Opter pour un mélange entre la course à pied, l’entraînement croisé et l’entraînement en force peut aider à atténuer une partie de l’impact sur vos os et vos articulations et à prévenir le risque de fractures de stress sournoises qui s’accumulent avec le temps.

Lisa Veneziano, qui a couru 2:56:38 pour remporter la tranche d’âge des 55 à 59 ans au marathon de Boston 2024, parcourt 30 à 35 milles par semaine, parfois 40 pendant l’entraînement au marathon. Les jours où elle ne court pas, elle s’entraîne sur le vélo Spin, le vélo d’extérieur, l’elliptique ou le Zero Runner, en utilisant notamment le vélo pour des efforts de seuil et de tempo plus difficiles, ainsi que d’autres formes d’entraînement croisé pour une récupération active.

Vous pouvez également vous donner plus de temps pour vous préparer à une course ou à un objectif en prenant par exemple un plan de marathon standard de 12 à 16 semaines et en l’augmentant à 20 semaines en ajoutant des semaines de déchargement plus fréquentes, suggère Brooks.
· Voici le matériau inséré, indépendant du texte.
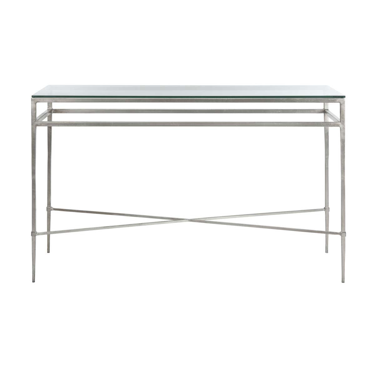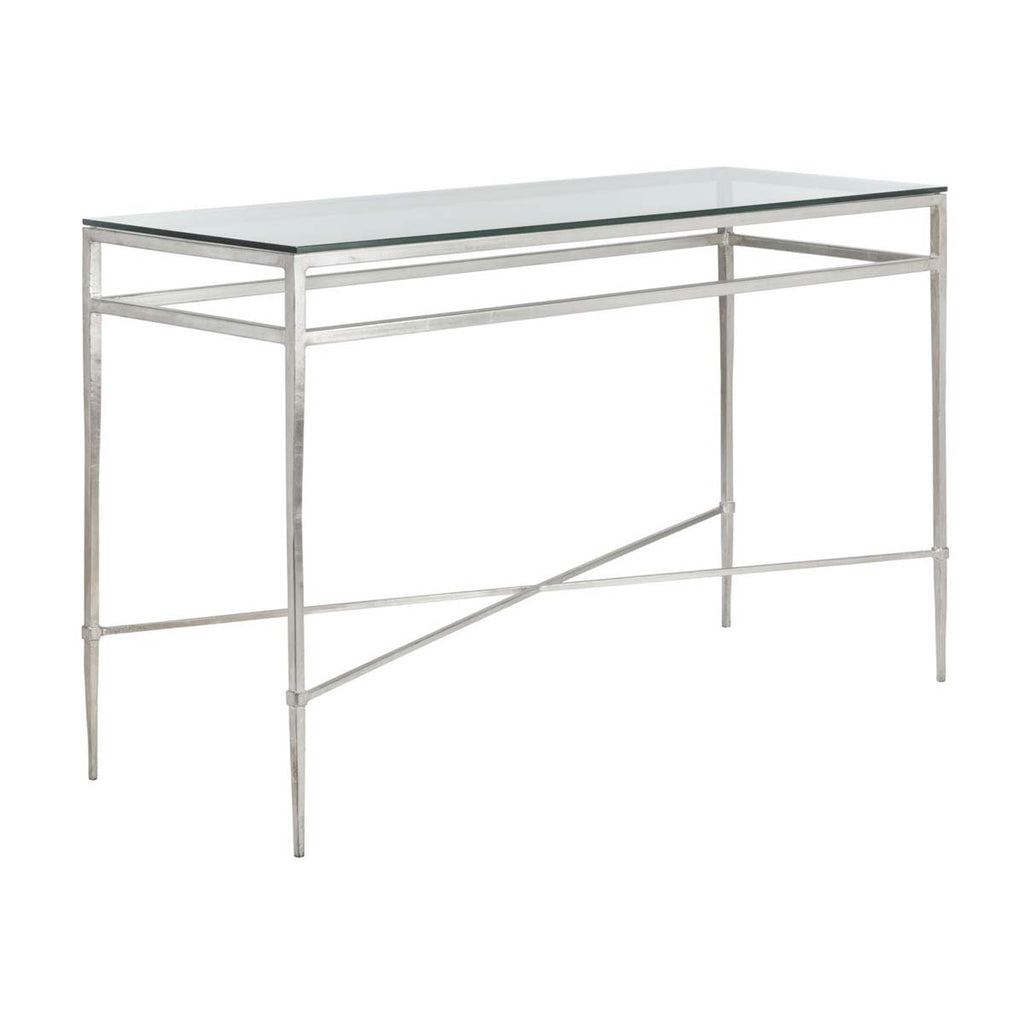 Straightforward and stylish, the Baumgarten Console Table is a study in refinement. Beautiful in an entry hall, living room, or even as a sofa table, Baumgarten exudes understated elegance with its open metal frame finished in antique silver gilding and smooth glass top.
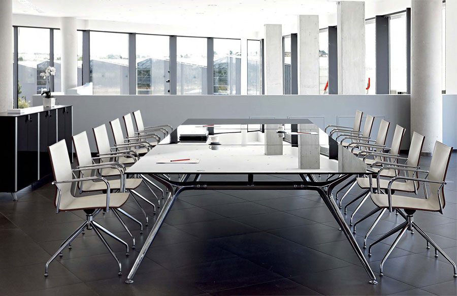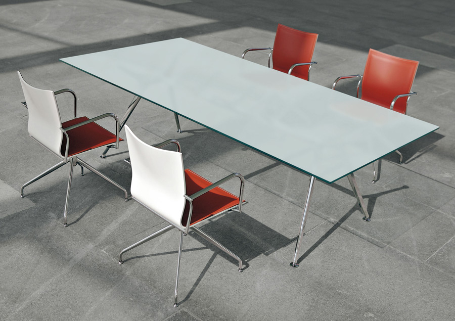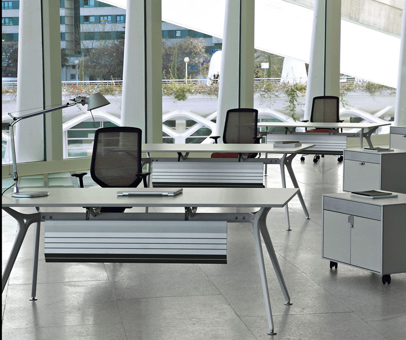Elegancja & Awangarda są razem zaangażowane w innowacyjnym programie, inspirowanym nowoczesną architektoniczną wizją minimalistycznego projektowania. Arkitek jest odpowiedzą na wpływ techniki i jej relacje z architekturą. Rozwój techniki i technologii, pozwala zorganizować tak pomieszczenia, gdzie każdy element ma pełnią określoną funkcję, ale nie wyrzeka się estetyki inspiruje we wnętrzach, łącząc miękkie krawędzie i narożniki z lekkim metalem. Cała konstrukcja systemu wykonana z aluminium jest dostępna w czterech wykończeniach: srebrnym, białym, polerowanym i chromowanym. Cienkie blaty tej kolekcji z odpornego 13mm laminatu kompaktowego CL z charakterystyczną czarną krawędzią lub 10 i 12mm szkła unoszą się na doskonałej konstrukcji tworząc niesamowity efekt pożądanej czystej i lekkiej formy. System wzbogacony o komody, szafki wraz ze stolikami i stołami konferencyjnymi oraz niezbędnymi pomocnikami do pracy.
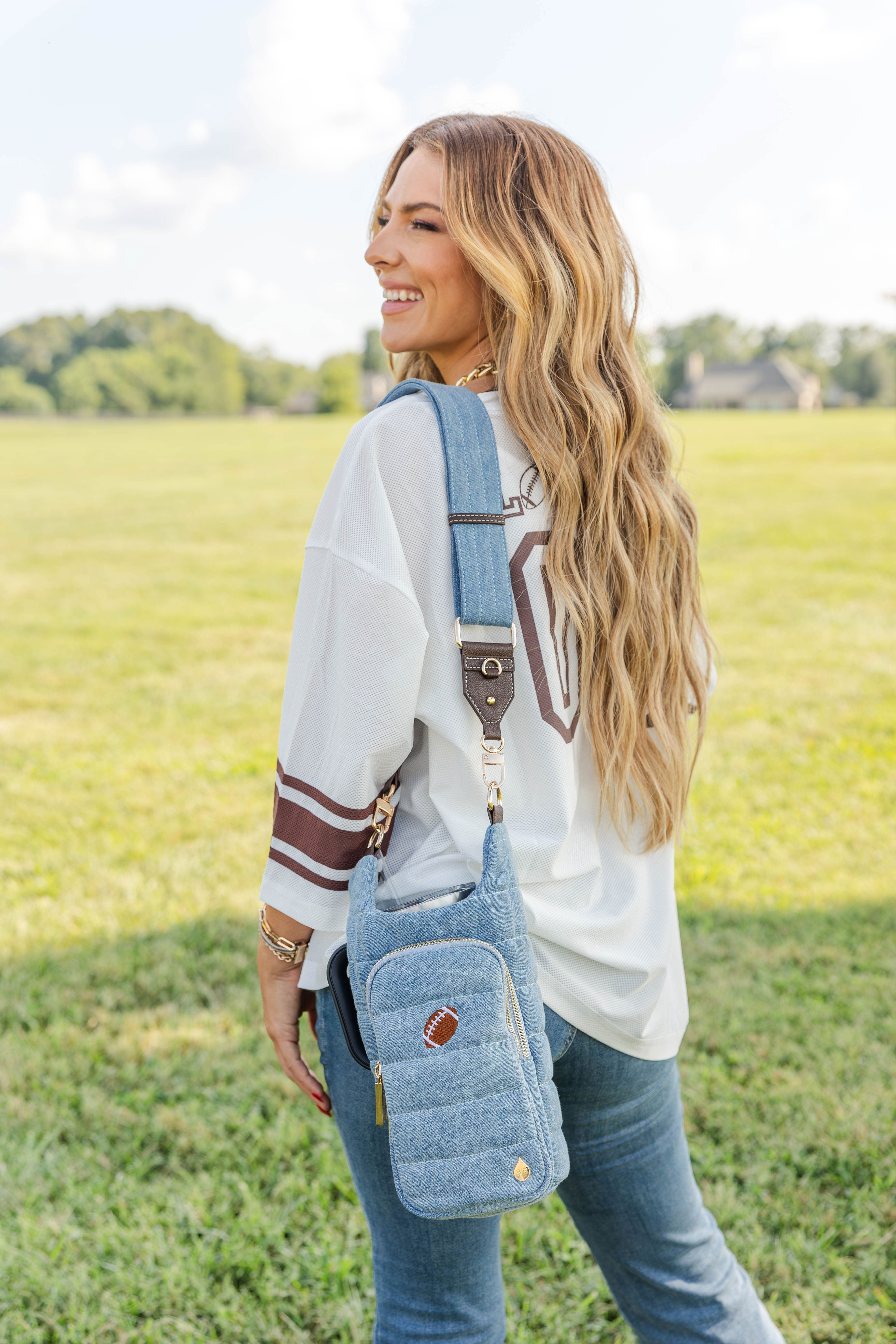 - Denim fabric: Medium wash with Vegan Leather Strap, Embroidered
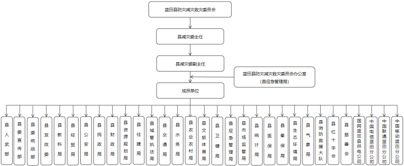 成员单位:县委宣传部、县委统战部、县人民武装部、县发改委、县教科局、县经贸局、县公安局、县民政局、县财政局、县资源规划局、县住建局、县城管执法局、县交通局、县水务局、县农业农村局、县文旅体育局、县卫健局、县应急管理局、县市场监管局、县统计局、县医保局、县秦保局、县消防救援大队、县生态环境局、县气象局、国网蓝田县供电公司、县红十字会、县慈善会、中国电信蓝田分公司、中国联通蓝田分公司、中国移动蓝田分公司。
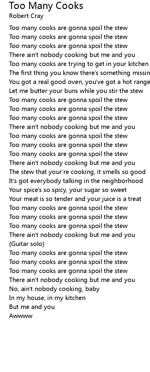 Too many cooks are gonna spoil the stew |

Au lieu de prendre une semaine de déchargement pour réduire le kilométrage et l’intensité toutes les trois à quatre semaines, votre semaine de déchargement tombe toutes les deux semaines.

De cette façon, vous avez plus de chances d’accumuler lentement votre kilométrage et de récupérer après des semaines difficiles, explique Brooks, car la récupération est particulièrement importante à mesure que nous vieillissons.